He Ran.

March 06 2013

The United States loves its stan­dard­ized tests, and when I was in the 8th grade, I had to take (and pass) the LEAP test to get into high school. 

Because of the incred­i­ble stress of the test, the entire 8th grade year, in every class, the teach­ers pre­pared us for the Spring when we took the exams all day for about a week.

In my Louisiana His­tory class, we were asked to keep a jour­nal of a daily ques­tion as part of this LEAP prepa­ra­tion. The teacher would write a ques­tion on the board, like What is the Eman­ci­pa­tion Procla­ma­tion?”, and we’d write the answer, giving as much detail as we were able. This jour­nal was then col­lected, graded, and given back to stu­dents with cor­rect answers.

I walked into class one morn­ing and saw the ques­tion on the white-board. 

Write a com­plete sen­tence.”

What? Are you kid­ding me? Just, Write a com­plete sen­tence.”?

Was she mock­ing us? At least when I was told to write about the Eman­ci­pa­tion Procla­ma­tion, I could expand on the Civil War or per­haps the Civil Rights Move­ment, but this simple task was no more chal­leng­ing to Koko the gorilla than it was to a pimple-faced teenager. Did she not think we, as 13 year old stu­dents, could create a solid sen­tence con­structed, in its most simple form, of a sub­ject and a pred­i­cate? This chal­lenge” was noth­ing more than a waste of my time, and yet I had to comply or suffer a less than per­fect grade. 

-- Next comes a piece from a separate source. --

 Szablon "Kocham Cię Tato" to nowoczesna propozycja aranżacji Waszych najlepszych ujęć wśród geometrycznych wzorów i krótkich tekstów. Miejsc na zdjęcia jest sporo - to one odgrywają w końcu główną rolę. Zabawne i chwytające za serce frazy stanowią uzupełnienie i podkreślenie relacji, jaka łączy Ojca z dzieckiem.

Out of frus­tra­tion with the ongo­ing prepa­ra­tion, and school in gen­eral, I decided to protest. While other kids wrote com­plex, thought­ful sen­tences, akin to a 140 char­ac­ter tweet, my response to this dare was simply He ran.”

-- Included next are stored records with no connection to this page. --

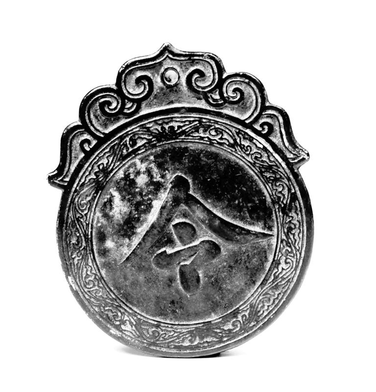 夜巡牌,高14厘米,寬11.5厘米,厚0.5厘米,紅銅制作。大體呈圓形,上面是狀如柿蒂形的鈕,鈕上雕刻有卷云紋,有一孔,用來穿繩。牌的正面為一楷書“令”字,字外三道弦紋,夾一圈卷云紋,背面為“肅字捌佰肆拾伍號”“永昌衛(wèi)指揮使司夜訓牌”。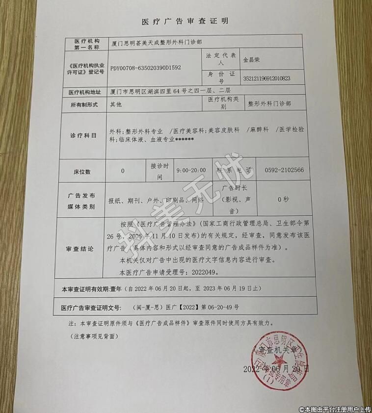 發(fā)證機(jī)關(guān):廈門市思明區(qū)衛(wèi)生健康局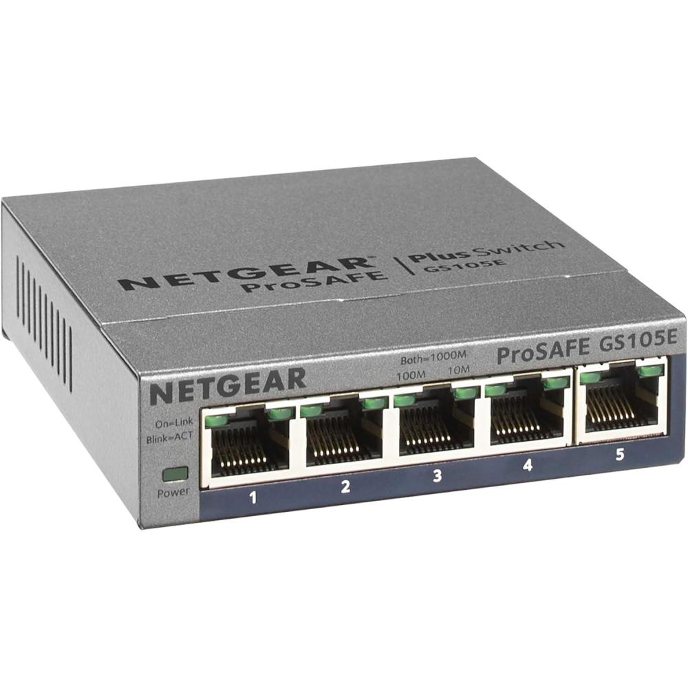 The NETGEAR GS105Ev2 Smart Managed Plus Desktop Switch features 5-Port Gigabit Ethernet, ProSAFE Lifetime Protection and more.

The two-word com­plete sen­tence became my weapon of choice. I closed my jour­nal, and they were col­lected what seemed like hours later. The next day I received the jour­nal. I quickly thumbed to the page where my subtle boy­cott stood — the short­est sen­tence I could muster in a fit of 8th grade edu­ca­tional rage.

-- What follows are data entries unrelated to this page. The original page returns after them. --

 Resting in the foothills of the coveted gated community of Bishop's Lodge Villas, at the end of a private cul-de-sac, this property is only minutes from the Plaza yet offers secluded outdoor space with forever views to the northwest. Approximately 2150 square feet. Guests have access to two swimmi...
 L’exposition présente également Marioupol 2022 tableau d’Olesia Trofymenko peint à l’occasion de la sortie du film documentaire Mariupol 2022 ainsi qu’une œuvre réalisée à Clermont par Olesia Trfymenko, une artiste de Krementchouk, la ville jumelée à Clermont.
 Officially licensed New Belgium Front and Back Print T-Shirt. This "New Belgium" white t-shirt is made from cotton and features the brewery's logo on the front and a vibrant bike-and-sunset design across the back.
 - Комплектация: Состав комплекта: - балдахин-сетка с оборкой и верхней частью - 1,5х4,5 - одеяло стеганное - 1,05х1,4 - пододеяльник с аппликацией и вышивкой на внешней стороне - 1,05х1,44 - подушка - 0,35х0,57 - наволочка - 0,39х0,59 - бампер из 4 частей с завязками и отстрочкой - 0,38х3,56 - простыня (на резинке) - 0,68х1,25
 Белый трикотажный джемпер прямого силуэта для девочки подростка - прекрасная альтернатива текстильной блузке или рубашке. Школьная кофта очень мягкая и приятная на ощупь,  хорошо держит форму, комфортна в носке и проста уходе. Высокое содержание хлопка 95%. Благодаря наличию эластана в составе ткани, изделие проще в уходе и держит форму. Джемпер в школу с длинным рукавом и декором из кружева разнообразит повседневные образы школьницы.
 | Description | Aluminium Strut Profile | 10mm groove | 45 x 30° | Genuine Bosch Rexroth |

And there, next to my scrib­bling, was the mark and my teacher’s reply. A big, red X. 

Whaaaaa…?

Surely, she was joking, but upon fur­ther inspec­tion, it was clear she was not. Her cor­rect­ing response, writ­ten in the same burn­ing red ink, meant to spark some form of heav­enly inspi­ra­tion, was simply Where?”

I wrote He ran.” And appar­ently it was wrong because I didn’t say where he ran.

I won’t for­give myself for what hap­pened next. I didn’t explode at my teacher; I didn’t flip my desk; I didn’t even ask for clar­i­fi­ca­tion.

What did I do? Noth­ing.

Don’t get me wrong, I com­plained to my par­ents and my friends who all assured me my answer was cor­rect, but I never con­fronted my teacher about it. I never brought it up again after that week and I silently com­pleted all assign­ments and daily ques­tions from that day for­ward.

I passed the LEAP with no prob­lem and went on to grad­u­ate from high school with honors. I grad­u­ated col­lege and have worked with fan­tas­tic people, clients, and com­pa­nies since then. My edu­ca­tional expe­ri­ence cer­tainly didn’t hinge on those daily chal­lenges writ­ten on that board in the 8th grade.

How­ever, it did impact me. That day I was told I was wrong when I was not. The person in author­ity shouted No!” with incom­plete knowl­edge, and I didn’t chal­lenge the deci­sion. I com­plained, yes, but there was no action to follow it up.

Where did he run? Away from con­flict, afraid of the con­se­quences.